Task to carry out: The lines to retype run from the one containing "GREAT FOR INDOOR" through the end of the listing below. Reproduce them exactly, leaving out pictures.

Dataset content:
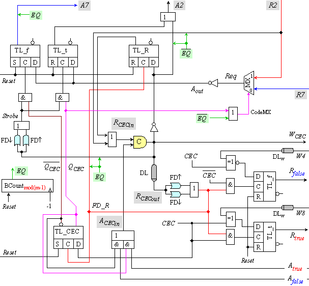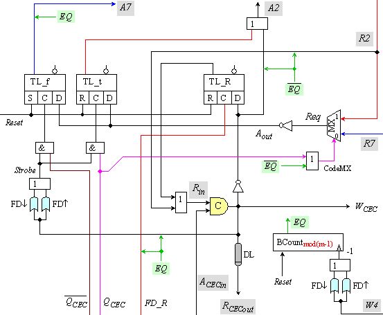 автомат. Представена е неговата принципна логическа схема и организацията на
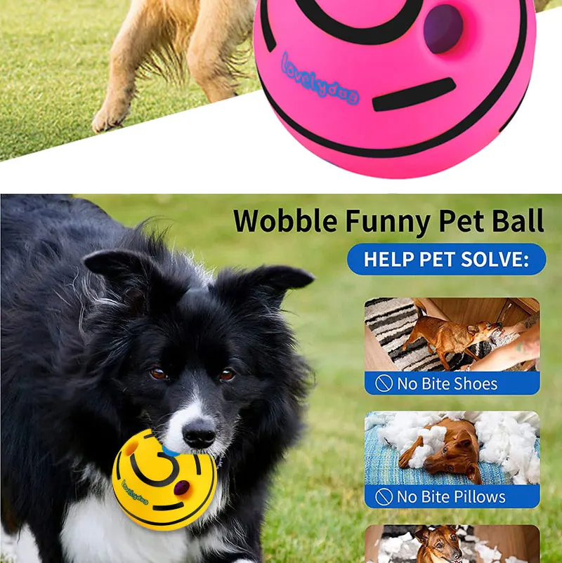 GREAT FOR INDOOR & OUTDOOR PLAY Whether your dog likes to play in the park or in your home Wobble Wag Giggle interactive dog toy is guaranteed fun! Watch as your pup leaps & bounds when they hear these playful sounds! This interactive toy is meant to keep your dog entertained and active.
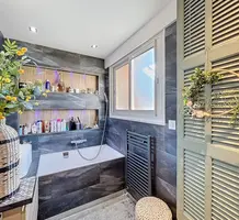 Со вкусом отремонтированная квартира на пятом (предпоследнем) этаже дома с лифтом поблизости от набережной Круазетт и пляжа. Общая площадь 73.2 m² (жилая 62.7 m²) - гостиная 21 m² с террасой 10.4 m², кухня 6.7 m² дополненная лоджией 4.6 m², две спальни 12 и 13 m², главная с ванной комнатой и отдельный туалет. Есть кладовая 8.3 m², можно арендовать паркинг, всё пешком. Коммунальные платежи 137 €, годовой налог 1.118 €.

Solution:
 GREAT FOR INDOOR & OUTDOOR PLAY Whether your dog likes to play in the park or in your home Wobble Wag Giggle interactive dog toy is guaranteed fun! Watch as your pup leaps & bounds when they hear these playful sounds! This interactive toy is meant to keep your dog entertained and active.
 Со вкусом отремонтированная квартира на пятом (предпоследнем) этаже дома с лифтом поблизости от набережной Круазетт и пляжа. Общая площадь 73.2 m² (жилая 62.7 m²) - гостиная 21 m² с террасой 10.4 m², кухня 6.7 m² дополненная лоджией 4.6 m², две спальни 12 и 13 m², главная с ванной комнатой и отдельный туалет. Есть кладовая 8.3 m², можно арендовать паркинг, всё пешком. Коммунальные платежи 137 €, годовой налог 1.118 €.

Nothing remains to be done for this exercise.